While Kaine was on television, Senate Minority Leader Harry Reid (Nev.) issued a critique of Bush that suggested that there will be no working together.

"While the president is right to talk about the American addiction to oil, Americans wonder why the president enabled that addiction for the last five years by failing to propose real solutions to lower prices and increase our energy independence," he said.

He also accused Bush of talking a good game on health care, but proposing "solutions that do nothing to reduce health care costs or make us healthier." And, Reid added, "Democrats agree that there's no honor in retreat.
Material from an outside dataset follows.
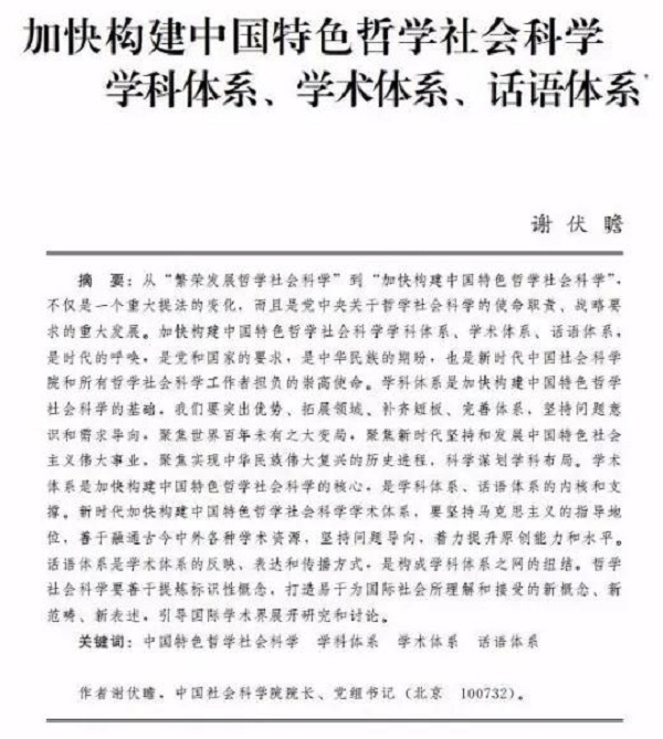 謝伏瞻:加快構(gòu)建中國特色哲學(xué)社會科學(xué)學(xué)科體系、學(xué)術(shù)體系、話語體系
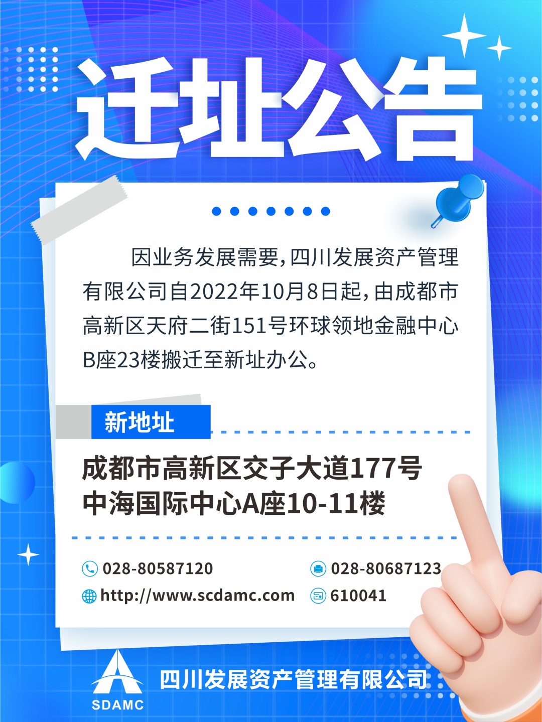 因業(yè)務(wù)發(fā)展需要,四川發(fā)展資產(chǎn)管理有限公司自2022年10月8日起,由成都市高新區(qū)天府二街151號(hào)環(huán)球領(lǐng)地金融中心B座23樓搬遷至新址辦公。

But there's no honor in sending our troops to battle without the armor, intelligence and planning they need to keep them safe.

"There's no honor in using the politics of fear to mute democratic debate after his mismanagement of the war and lack of plan for victory put the nation at greater risk."

Reid also said Bush wants people to trust that he's keeping them safe and not breaking the law, "but after his mismanagement of the war, lawless detentions and secret warrantless wiretaps on U.S. citizens, he has broken that trust."

There's some slight reason to hope that the parties could agree to double research in the physical sciences over 10 years, train more math and science teachers, create a new bipartisan commission on baby boomer retirement and boost energy research.

More likely, though, we'll see a bidding war in which Democrats charge that Bush is not doing enough or spending enough because his tax cuts are too big. There's actually merit in this criticism and, in a different climate, there'd be bargaining and compromise.

But in this climate - a perpetual war for power - it's hard to see how any of America's big problems get solved. The American people deserve better.